Bon, j’imagine que vous travaillez et que vous n’avez sans doute pas le temps de vous farcir les quelque 400 commentaires de cette note, alors je vais vous raconter un peu.
(Asseyez-vous tranquillement, je n’ai pas le temps de faire court, hop, on y va)
Le 20 février, Julien F. raconte sur son blog qu’Endemol l’a contacté pour le casting d’un remake français de "The beauty and the Geek" - Bimbos et Intellos, donc. Julien est tenté, il se saoulerait bien au champ avec des bombasses (sic), mais d’un autre côté il mesure les risques à participer à une telle émission. Passer pour un con ou passer chez Cauet (oui, il y a une nuance), par exemple.

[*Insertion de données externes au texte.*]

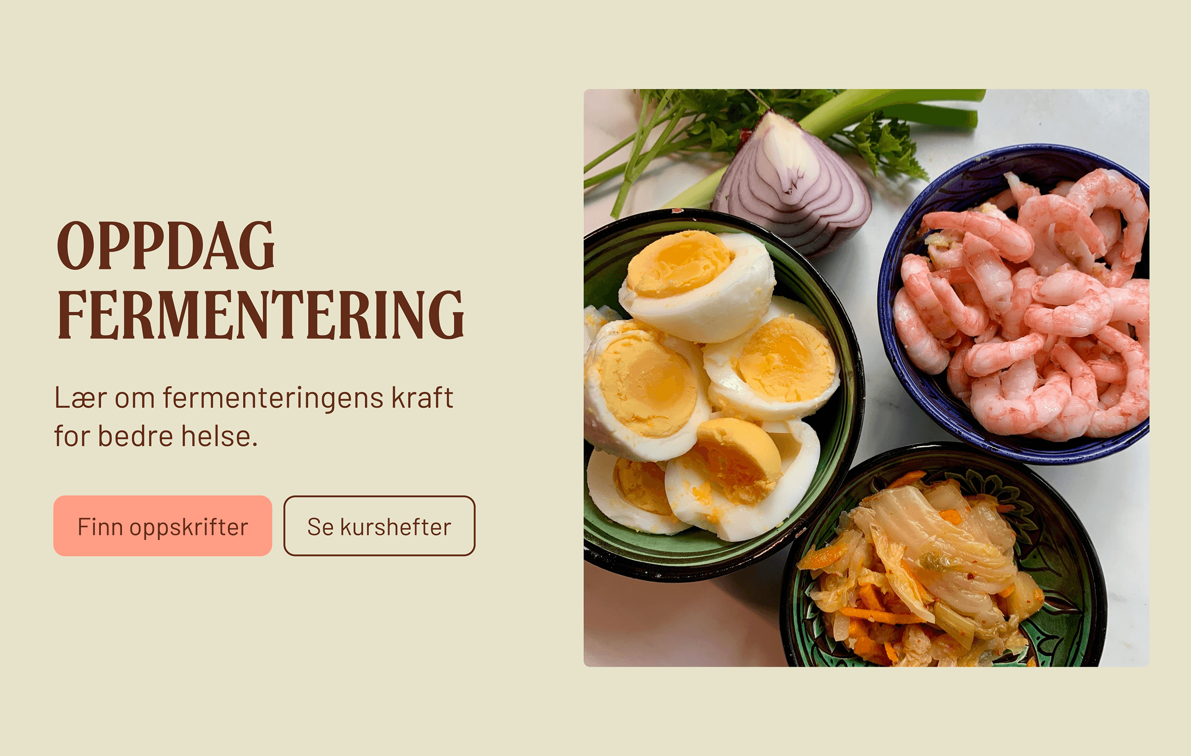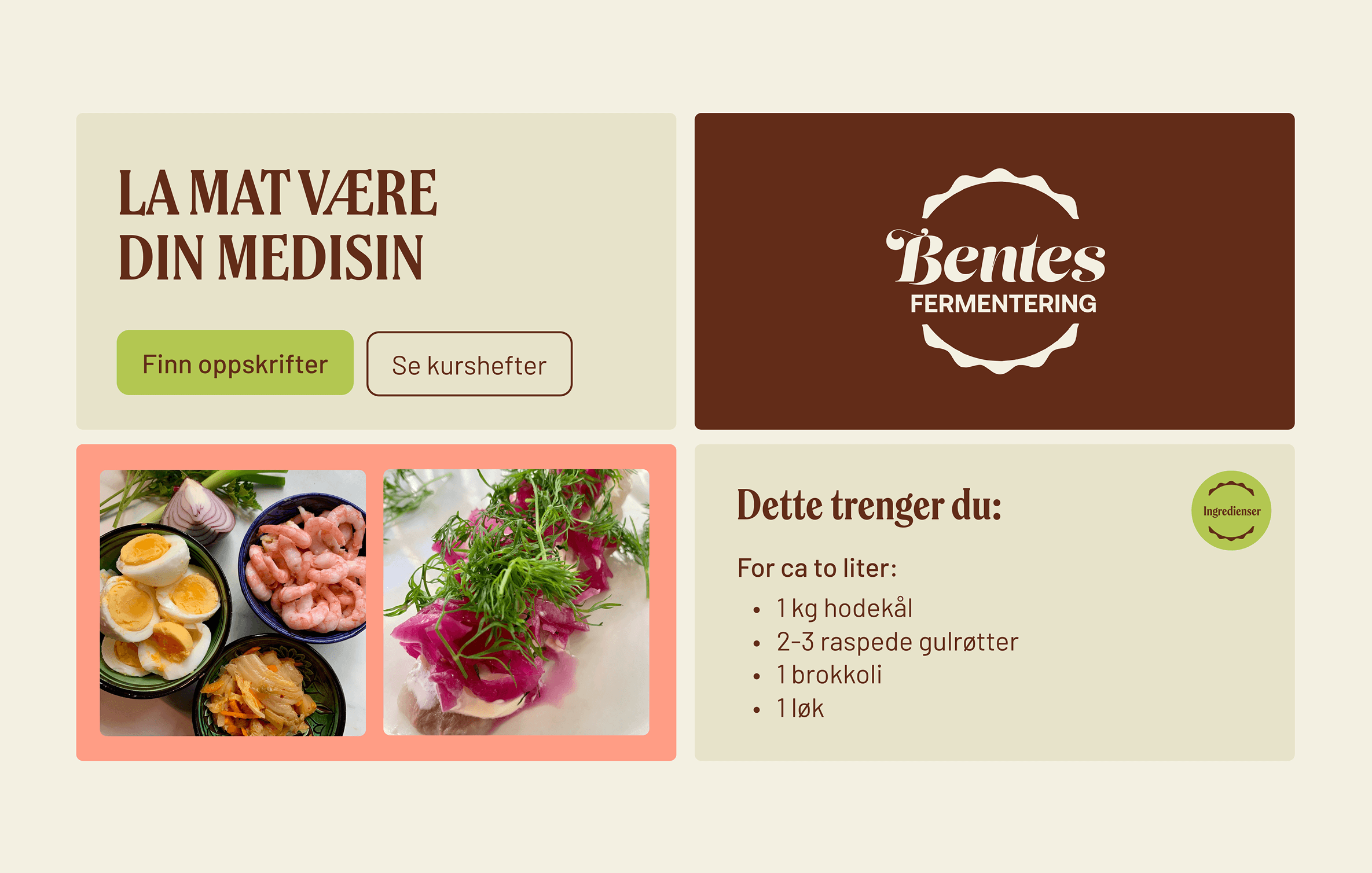 Bentes fermentering formidler gleden ved fermentert mat – og ønsket en merkevare som speilet den samme varmen, kunnskapen og livsgleden som Bente selv står for. Som lærling i Kult Byrå fikk jeg ansvar for å utvikle en helhetlig løsning med redesign av visuell identitet, oppgradert nettside i Squarespace og nytt oppskriftshefte med Sanity-integrasjon. Resultatet ble et friskere og mer tidsaktuelt uttrykk som gjør det enklere å inspirere flere til en sunnere livsstil.

Rien ou presque ne se passe pendant deux semaines, mais le 4 mars, soudain… Un candidat du jeu, répondant au doux nom de Cellobrutos, vient poster un commentaire. Il raconte quelques dessous du casting (le bordel ambiant, surtout). Le 8 mars, un autre candidat vient mettre son grain de poivre et étale ses doutes ("après tout, j’ai une copine", c'est ballot).
Et c'est parti.
Petit à petit, le tranquille blog de Julien se transforme en vaste forum où se rejoignent futurs candidats (et candidates), cyberbadauds ébaubis et contempteurs de la télé-réalité. Les commentaires se comptent maintenant en dizaines, le dialogue s’installe et, magie du 2.0, l’information se précise !

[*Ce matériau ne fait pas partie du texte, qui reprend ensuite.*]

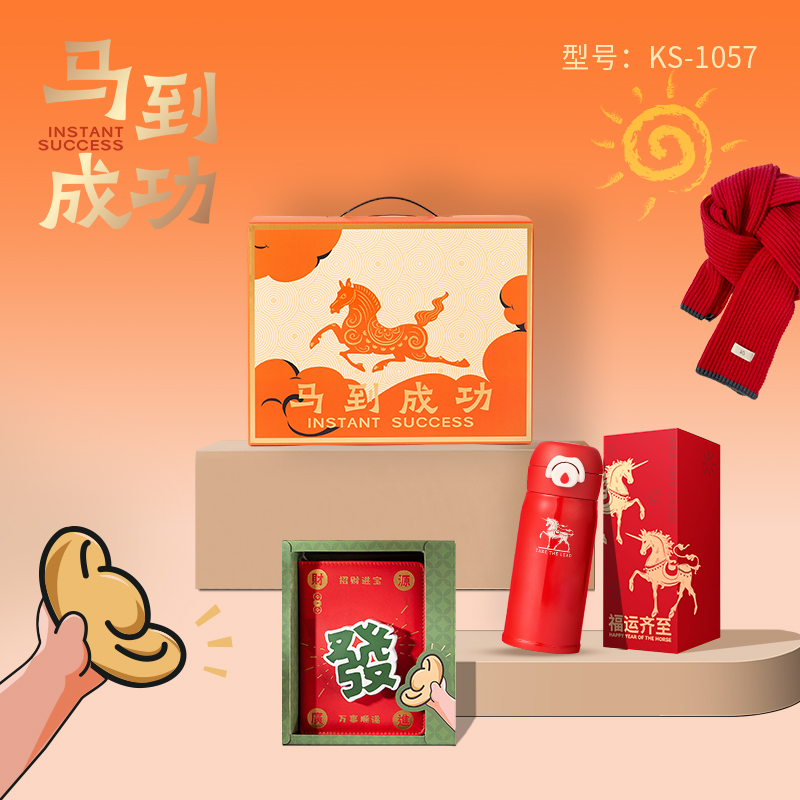橙米撞色礼盒,搭配烫金复古骏马主题插画,时尚亮眼,新年氛围瞬间拉满。“马到成功”,是更适合商务伙伴与新老客户的新年祝福佳品,心意与寓意兼得。

Alors que la date fatidique du tournage se rapproche, on finit (entre autres) par comprendre que :
- l’émission dispose d’un tout petit budget (en fait Endemol concentre ses moyens sur le futur Loft Story de TF1)
- l’animateur est bidon (l’ancien « incroyable fiancé », pour ceux qui suivent)
- l’horaire de diffusion sera tardif (et pan pour les rêves de gloire)
- les teasers du programme sont déjà prêts : on y présente le jeu, en gros, comme la rencontre entre des mecs coincés pas beaux et des filles assez bonnes mais très connes.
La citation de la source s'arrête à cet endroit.